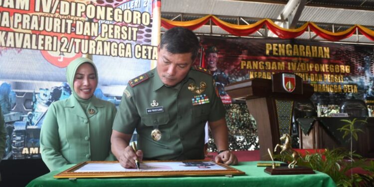 Ambarawa – bedanews.com – Panglima Kodam IV/Diponegoro, Mayjen TNI Widi Prasetijono didampingi Ketua Persit KCK PD IV/Diponegoro, Ny. Novita Widi Prasetijono, kunjungi Markas Komando Yonkav 2/Turangga Ceta di Ambarawa, Semarang. Guna memberikan pengarahan sekaligus motivasi sekaligus penekanan kepada seluruh prajurit, Rabu (20/07/2022).
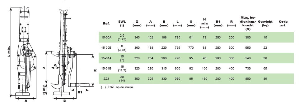 | Werklast | 2500 kg, 5000 kg, 10.000 kg, 16.000 kg, 20.000 kg |
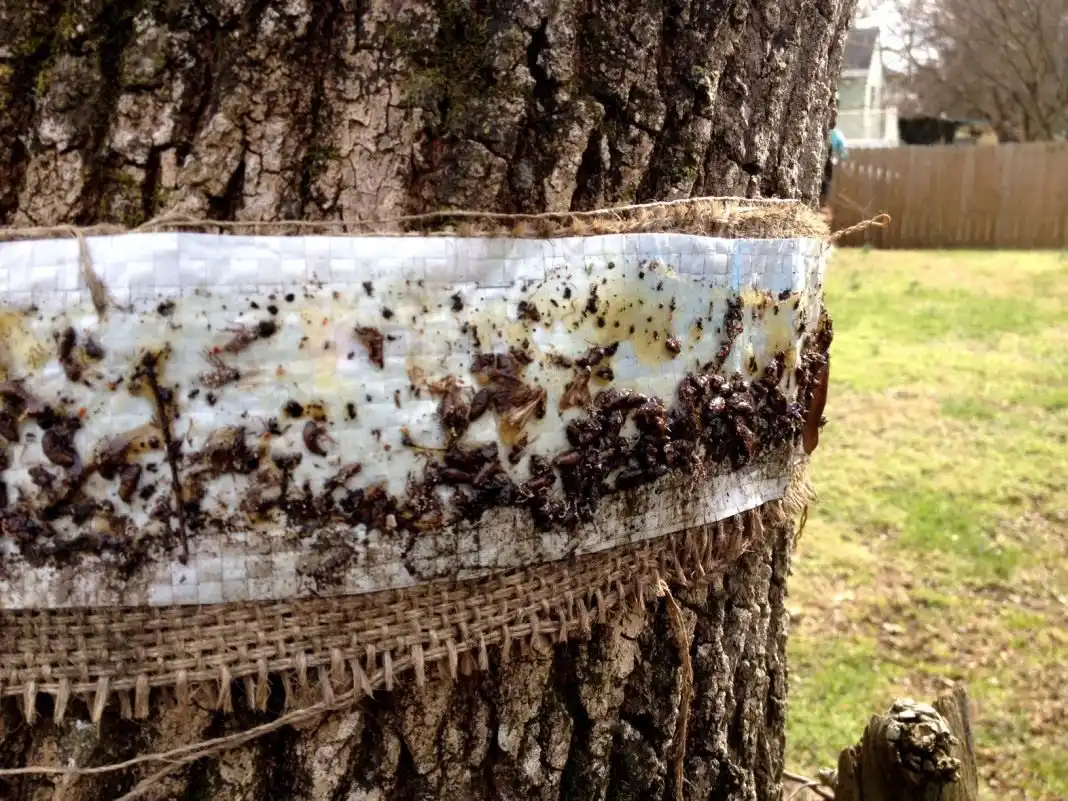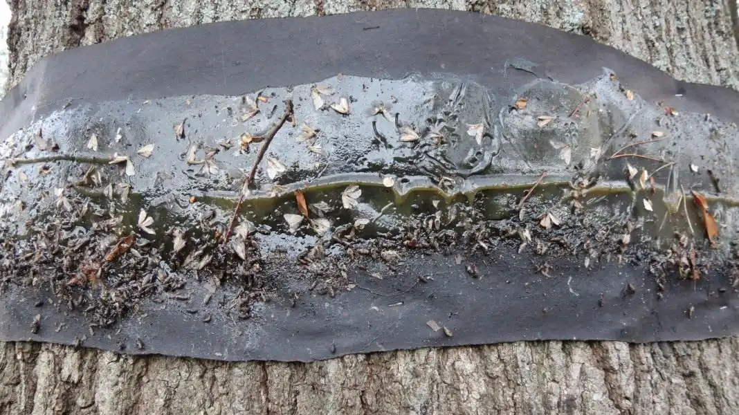 - липкі ловчі пояси, оброблені спеціальною клейкою, в'язкою масою та закріплені на деревах, які діють за принципом звичайної пастки для мух або попелиці.

TASK DIRECTIONS
All the lines above must be written out exactly, without a single picture.

EXERCISE SOLUTION
 Ambarawa – bedanews.com – Panglima Kodam IV/Diponegoro, Mayjen TNI Widi Prasetijono didampingi Ketua Persit KCK PD IV/Diponegoro, Ny. Novita Widi Prasetijono, kunjungi Markas Komando Yonkav 2/Turangga Ceta di Ambarawa, Semarang. Guna memberikan pengarahan sekaligus motivasi sekaligus penekanan kepada seluruh prajurit, Rabu (20/07/2022).
 | Werklast | 2500 kg, 5000 kg, 10.000 kg, 16.000 kg, 20.000 kg |
 - липкі ловчі пояси, оброблені спеціальною клейкою, в'язкою масою та закріплені на деревах, які діють за принципом звичайної пастки для мух або попелиці.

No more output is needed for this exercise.